In the publication, without using an organotin-containing copolymer,
A bottom paint exhibiting an antifouling effect is described. This hull bottom paint is composed of a poison and a self-polishing polymer, and the polymer monomer is tris (4-methyl-2).
Hydrolyzable silyl (meth) acrylates, such as -pentoxy) silyl acrylate, are described. However, in this hull bottom paint, the self-polishing polymer only acts as a poisonous supply system (del-ivery system) and has no antifouling property itself, so that a poisonous component is essential. In this ship bottom paint, the basic principle of antifouling of killing aquatic organisms attached by poison is the same as the conventional antifouling agent,
Serious environmental problems could not be avoided. In addition, when cuprous oxide is used as a poison, there is a problem that the preservation stability is poor and gelation occurs within a few days. [0010] Furthermore, the tris (4
-Methyl-2-pentoxy) silyl acrylate has a hydrolyzable property in both of the two bonds between the silicon atom and the alkoxy bond and between the silicon atom and the ester bond.
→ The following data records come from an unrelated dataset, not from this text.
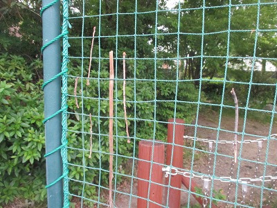 防球ネットに枯れ葉が引っかかっていたので、同じように取ろうとつまんだところ、くにゃあっと体をくねらせ、動き始めたのでした。
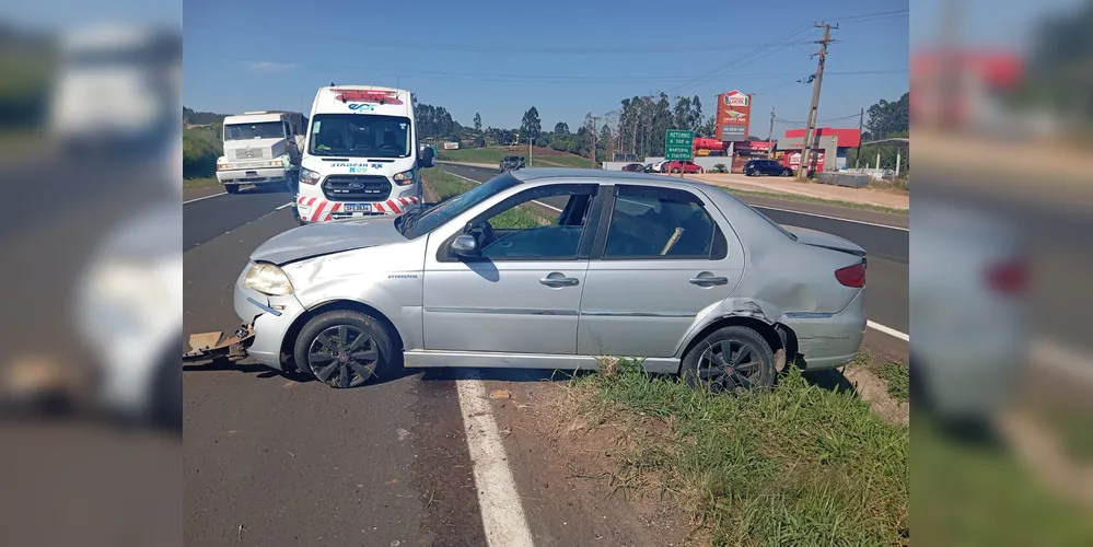 Um acidente do tipo colisão lateral envolvendo um caminhão e um Fiat Siena foi registrado na manhã desta quinta-feira (5), no km 290 da PR-151, trecho entre Carambeí e Castro. O condutor do carro sofreu ferimentos leves e foi encaminhado à Unidade de Pronto Atendimento (UPA) do município.
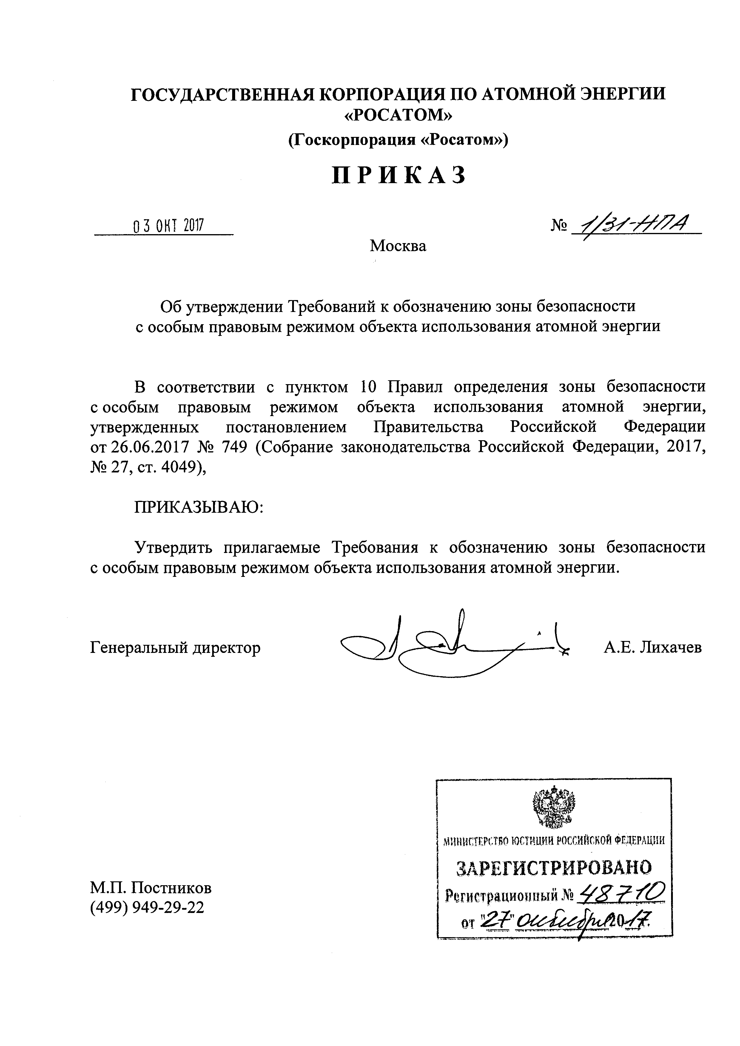| Утверждён: | 03.10.2017 Государственная корпорация по атомной энергии РОСАТОМ (1-31/НПА)
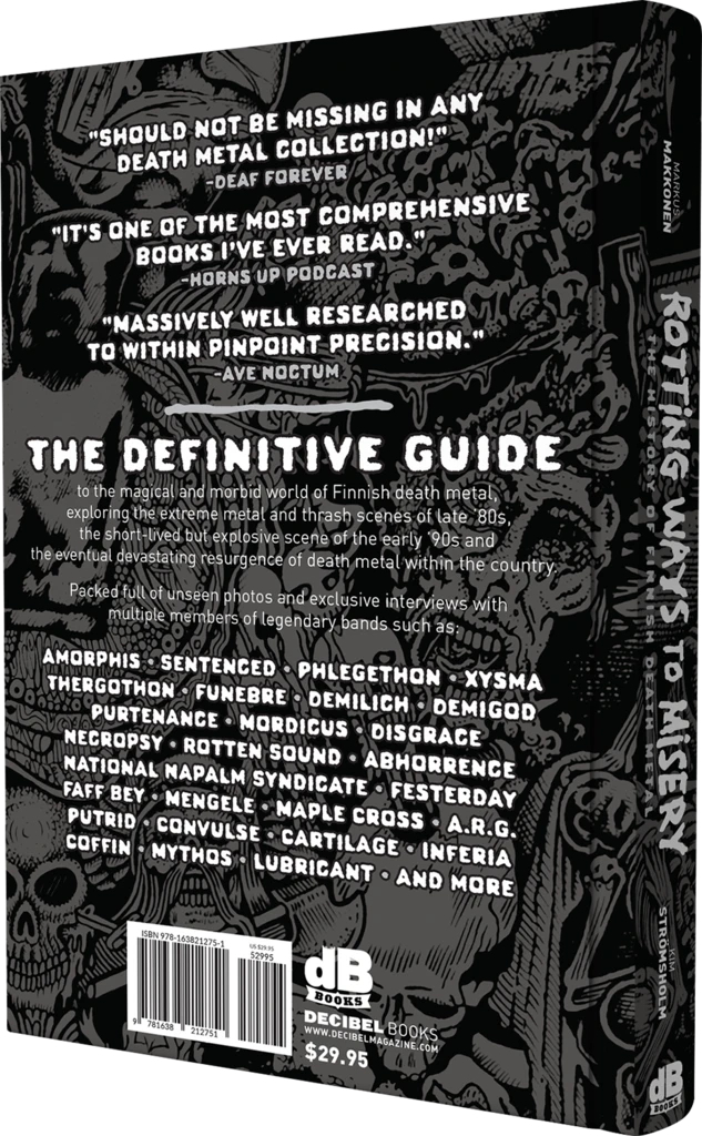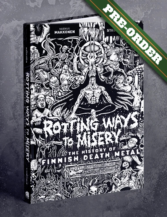 Decibel Books has announced the U.S. release of "Rotting Ways To Misery: The History Of Finnish Death Metal". The definitive guide to the magical and morbid world of Finnish death metal, exploring the extreme metal and thrash scenes of late '80s, the short-lived but explosive scene of the early '90s and the eventual devastating resurgence of death metal within the country. Written by Markus Makkonen (SADISTIK FOREST, NERVE SAW, HOODED MENACE) and Kim Strömsholm (FESTERDAY, ...AND OCEANS, HAVOC UNIT), it is packed full of unseen photos and exclusive interviews with multiple members of legendary bands such as: * AMORPHIS * SENTENCED * PHLEGETHON * XYSMA * THERGOTHON * FUNEBRE * DEMILICH * DEMIGOD * PURTENANCE * MORDICUS * DISGRACE * NECROPSY * ROTTEN SOUND * ABHORRENCE * NATIONAL NAPALM SYNDICATE * FESTERDAY * FAFF BEY * MENGELE * MAPLE CROSS * A.R.G. * PUTRID * CONVULSE * CARTILAGE * INFERIA * COFFIN * MYTHOS * LUBRICANT The book also features contributions from outside of the scene from peers and admirers of Finnish death metal, including members of AUTOPSY, AT THE GATES, MISERY INDEX, THE HAUNTED, BENEDICTION, ASPHYX, ENTRAILS, BLACK CRUCIFIXION, TEITANBLOOD, UNCOFFINED, ANATOMIA and many, many more. This essential reading on Finland's long overlooked impact on the death metal scene is strictly limited to 1,000 copies and will never be reprinted. Pre-orders are available now and are expected to ship in late April.
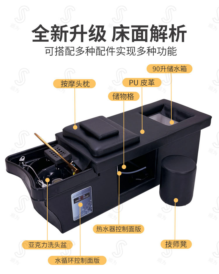 Circulación de agua tailandesa cama de lavado de cabello barbería salón de cabello reclinado especial fumigación temperatura constante fábrica de cama de tratamiento de cabello al por mayor transfronterizo
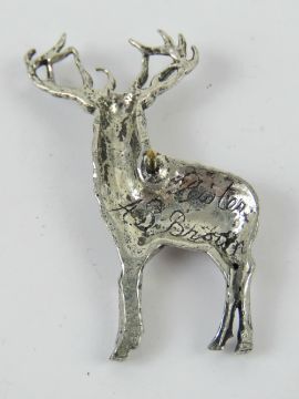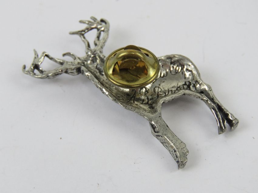 A pewter brooch in the form of a stag by AB Brown, in presentation box.
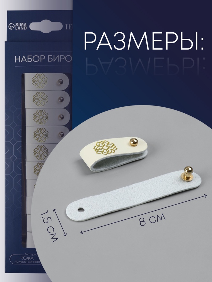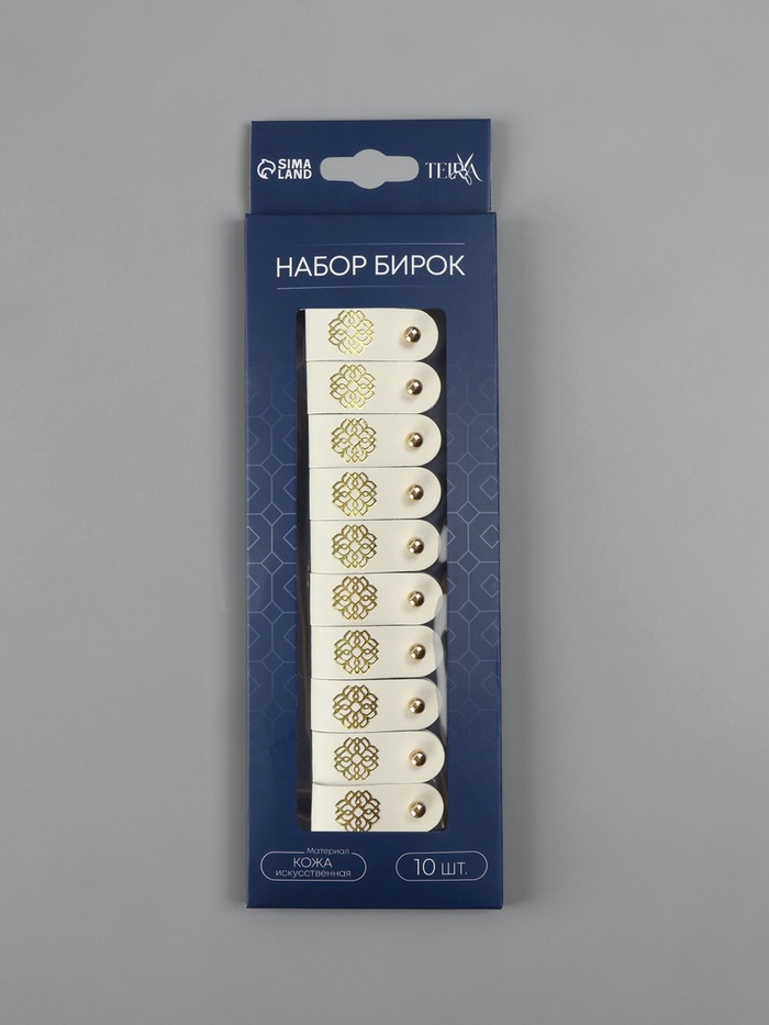 Бирка с кнопкой «Мандала» TEIRA, с тиснением, 8×1.5 см, 10 шт., цвет золотой, молочный — Характеристики
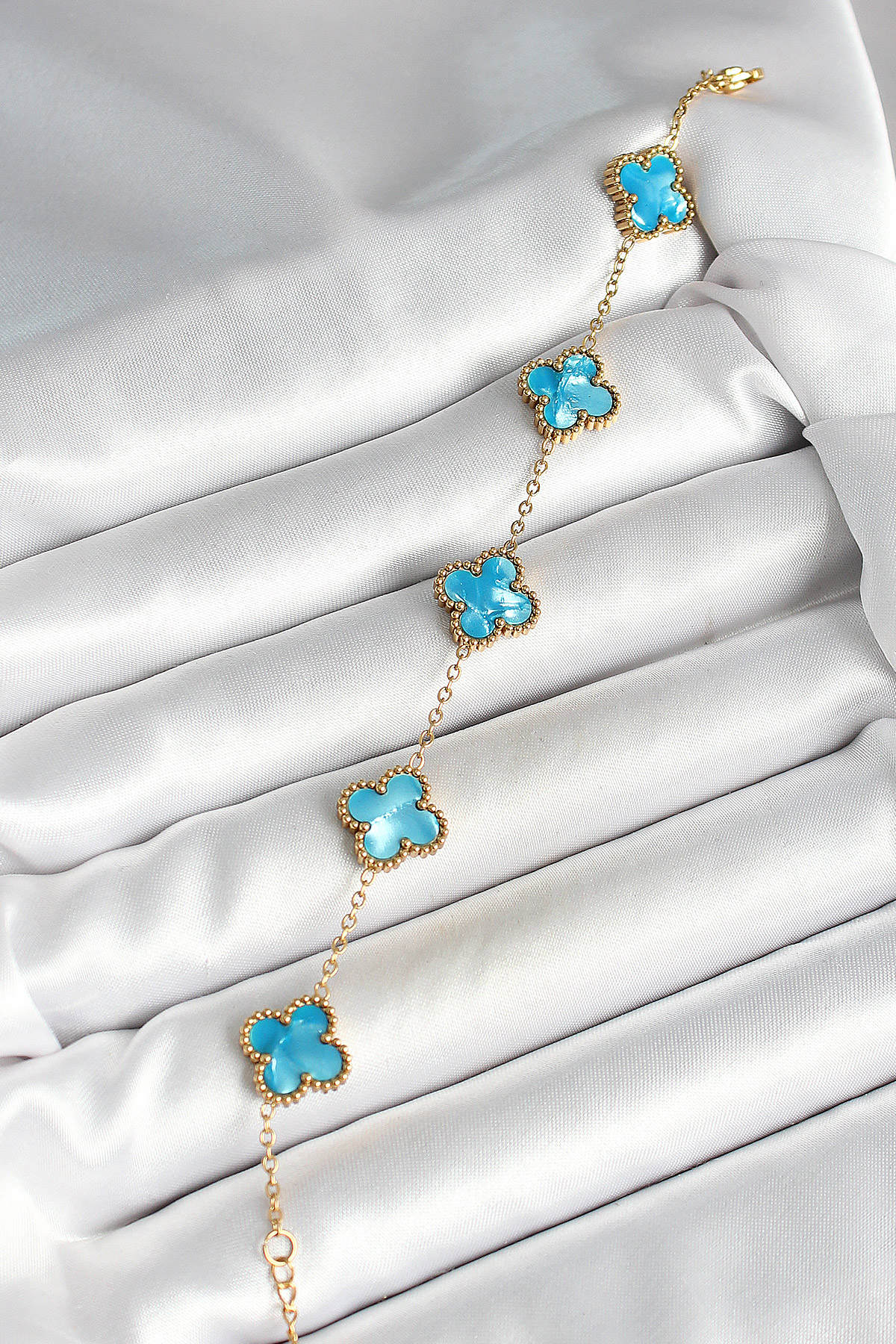 316L Çelik Sedefli Gökyüzü Mavisi Gold Renk Yonca Kadın Bileklik

There was also a problem that it became difficult to control the solubility of the compound. It is an object of the present invention to provide a copolymer for an antifouling coating material which does not contain an organotin-containing polymer and does not adversely affect marine ecosystems. The present inventors have focused on the self-polishing property of a copolymer defined by the following specific formula. The present invention has been accomplished by finding a copolymer having excellent antifouling property and good storage stability even without the above. That is, the copolymer for an antifouling coating material of the present invention has a self-polishing effect in which the silyl group of the side chain of the copolymer represented by the following general formula is released by hydrolysis, and then the copolymer itself becomes water-soluble. And exhibits an antifouling property. (Wherein, R ¹ is a hydrogen atom or a methyl group, R ² , R ³ ,
R ⁴ represents a monovalent hydrocarbon group selected from the group consisting of an alkyl group having 1 to 18 carbon atoms, a cycloalkyl group, and a phenyl group), at least one unsaturated triorganosilyl monomer represented by the following formula: And a tin-free copolymer obtained by polymerizing at least one organic monomer selected from (meth) acrylic and vinyl compounds and having a degree of polymerization not exceeding 190. . The copolymer used in the present invention is a characteristic component in the present invention, and exhibits an appropriate hydrolyzability by selecting an organic group bonded to a silicon atom of a triorganosilyl group, and exhibits a water-soluble property in water. Since it gradually hydrolyzes to increase its hydrophilicity, it shows a controlled solubility property in water. Such a copolymer can be obtained by polymerizing one or more triorganosilyl monomers and one or more organic monomers to a degree of polymerization not exceeding 190. Can be The composition ratio of the unsaturated triorganosilyl monomer and the organic monomer is not particularly limited, but preferably the amount of the unsaturated triorganosilyl monomer is 10 to 10.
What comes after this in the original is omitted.